Masyarakat dibuat bingung dengan kejadian harga beras naik yang cukup tinggi. Kenaikannya tak tanggung-tanggung, sekitar 25 persen. Bahkan, ada merek yang kenaikannya mendekati 100 persen.
Iman, seorang pekerja swasta mengaku kaget stok beras di beberapa minimarket di sekitar tempat tinggalnya di Depok langka. Hal tersebut terjadi mulai awal September 2025. Ketika menemukan beras yang biasa dia beli—merek Topi Koki—kenaikannya hampir dua kali lipat.
Untuk kemasan 5 kilogram, merek Topi koki biasa dijual Rp74 ribu. Namun sejak awal desember, harganya mencapai Rp130 ribu. Bahkan ada yang menyebutkan, merek tersebut ada yang menjual hingga Rp140 ribu.
Pantauan lantang.id di sebuah supermarket di Bogor, hanya ada tersedia satu merek, yaitu Anak Raja. Beras kemasan 5 kilogram tersebut dijual seharga Rp93 ribu. Padahal biasanya merek tersebut dijual Rp74 ribu. Di supermarket tersebut, biasanya juga terdapat berbagai merek beras premium. Tapi sejak akhir Agustus 2025, merek-merek tersebut seperti hilang dari pasaran.
Harga beras naik memukul daya beli
Kenaikan harga ini langsung memukul daya beli masyarakat, terutama keluarga dengan pendapatan menengah ke bawah. Beras, sebagai makanan pokok utama, menyumbang porsi besar dalam pengeluaran bulanan.

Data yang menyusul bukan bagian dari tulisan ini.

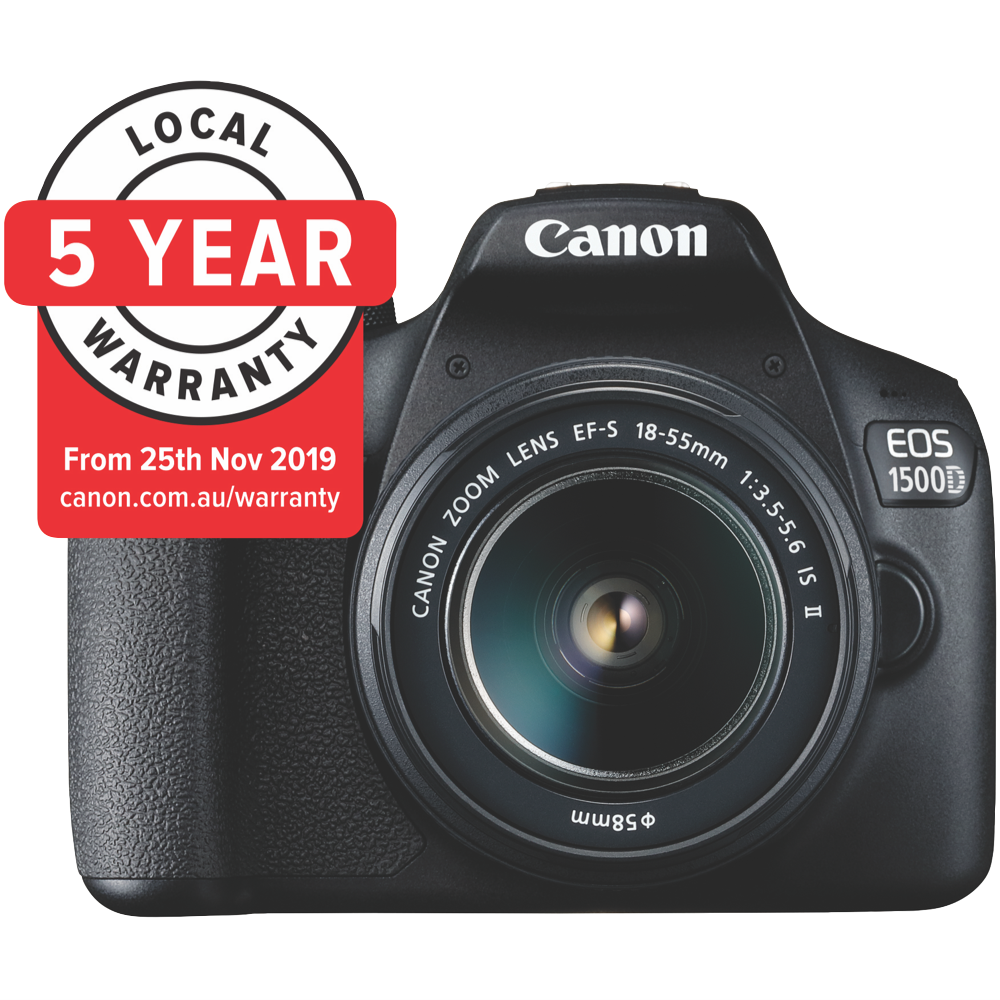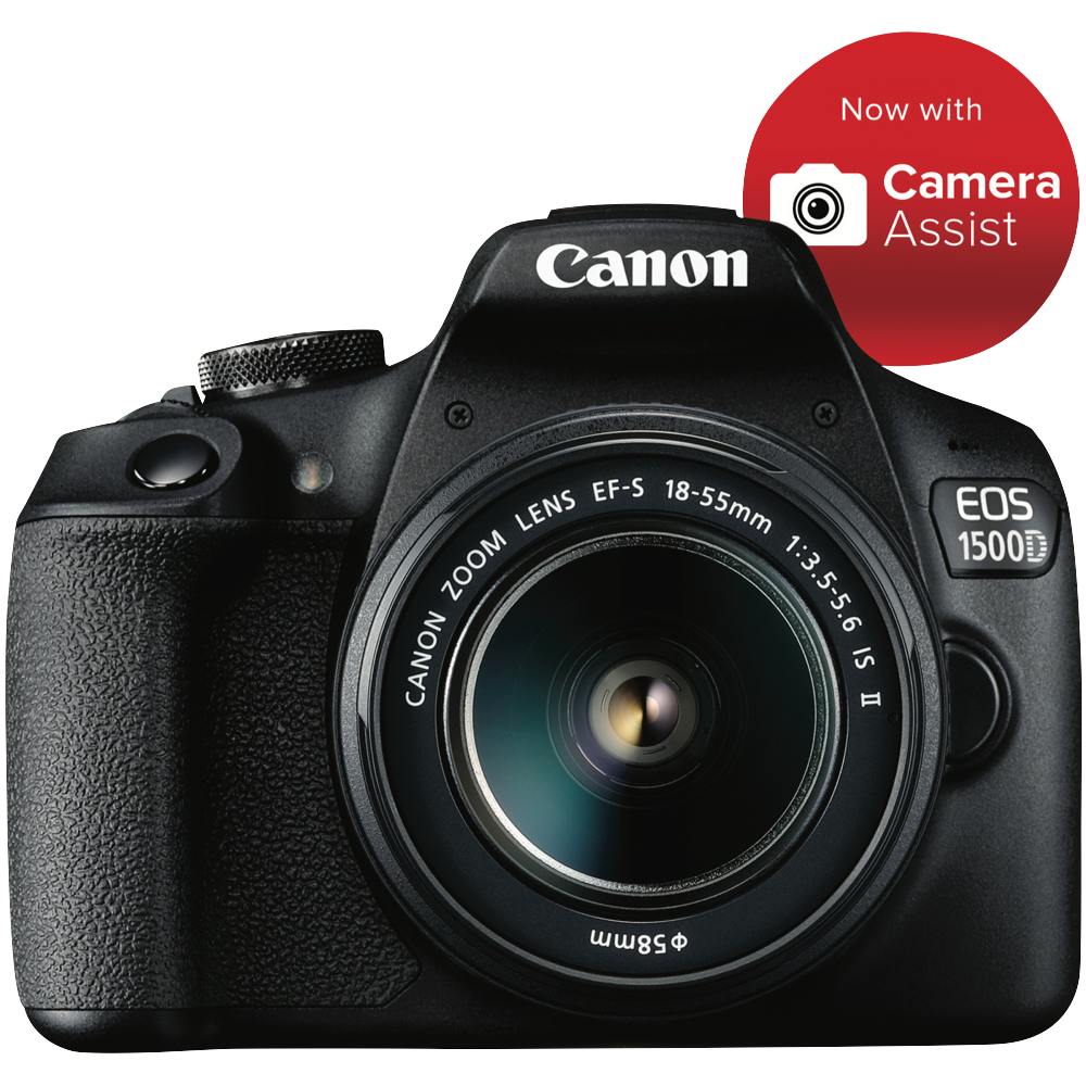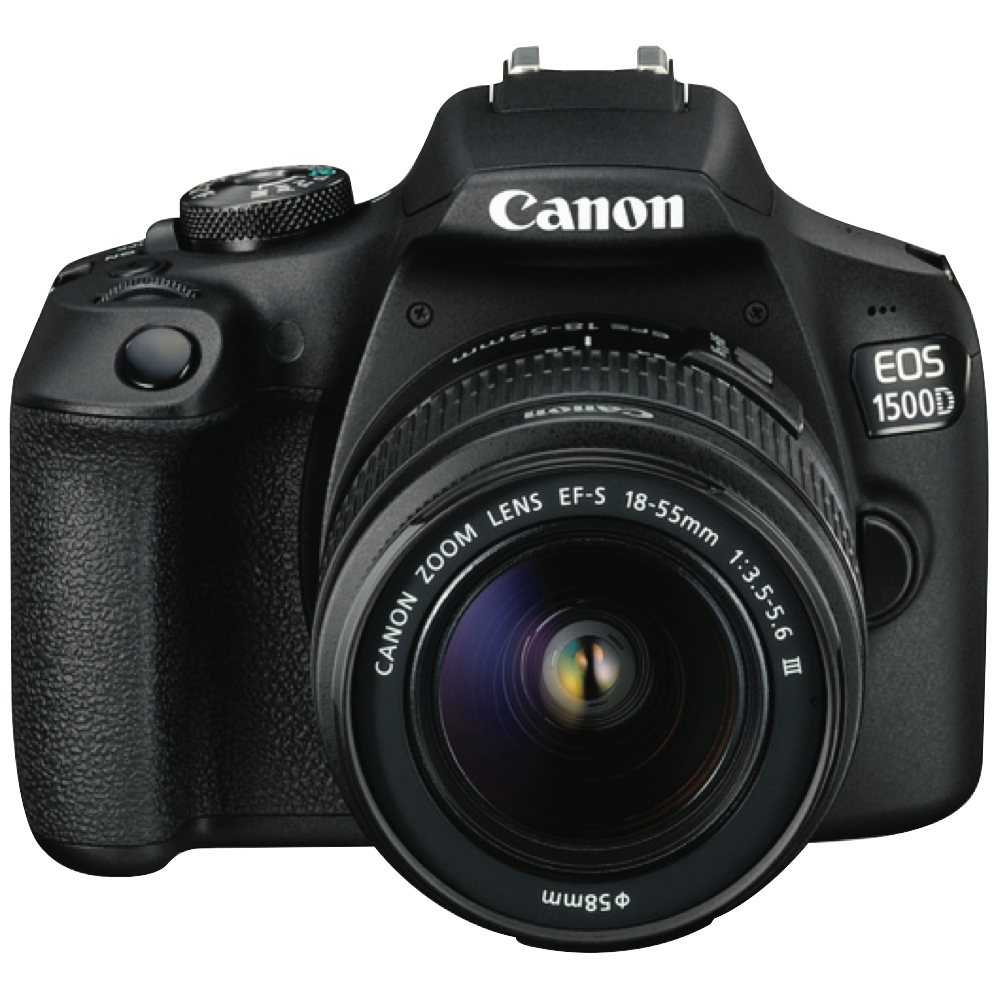 Capture life's special moments with the Canon EOS 1500D. This user-friendly DSLR camera packs a powerful 24.1 megapixel CMOS sensor to deliver stunning high resolution images. The EFS 18-55mm f/3.5-5.6 III lens offers versatile zoom range to suit portraits landscapes and daily photography. An optical viewfinder provides an authentic photography experience while Live View lets you see results on the 2.7 LCD screen. Shoot HD 1080p videos utilize manual exposure modes and explore your creativity with access to the expansive EF lens lineup. Weighing just 475g the 1500D's compact and lightweight body is comfortable for all-day shooting. Share photos and videos via built-in Wi-Fi and NFC connectivity. Covered by Canon's 5 year warranty the EOS 1500D brings sophisticated imaging within reach. The manufacturer's part number for this product is 1500DKB. Seize the moment with the Canon 1500D today.

Ketika harga beras naik, anggaran rumah tangga harus dipangkas dari pos pengeluaran lain, atau bahkan berujung pada pengurangan porsi makan. Kondisi ini menciptakan tekanan ekonomi yang berat dan kekhawatiran akan ketahanan pangan keluarga.
Selain itu, para pelaku usaha mikro, kecil, dan menengah (UMKM) seperti pemilik warung makan, restoran, dan katering juga merasakan dampaknya. Mereka dihadapkan pada pilihan sulit. Menaikkan harga jual yang berisiko kehilangan pelanggan, atau menanggung kerugian dengan mempertahankan harga lama. Hal ini tidak hanya mengancam kelangsungan bisnis kecil, tetapi juga berpotensi memicu inflasi pada sektor makanan secara keseluruhan.
Kekhawatiran publik semakin memuncak karena pengalaman pahit dengan harga minyak goreng yang melambung tinggi dan tidak pernah kembali normal. Masyarakat khawatir kenaikan harga beras kali ini juga akan menjadi permanen, mengubah peta pengeluaran dan pola konsumsi secara struktural.

“Takutnya seperti minyak goreng. Sudah naik, gak turun lagi,” kata Yanti, perempuan yang tinggal di Bandung.
Kenaikan harga beras ini harus mendapat perhatian dari pemerintah dan dicari solusinya. Bila harga tersebut tidak turun lagi seperti harga minyak goreng, hidup masyarakat akan terasa semakin berta. Bahkan, sangat mungkin kenaikan harga beras ini dapat meningkatkan jumlah penduduk miskin di Indonesia. Sebab, beras adalah kebutuhan paling pokok dari masyarakat Indonesia.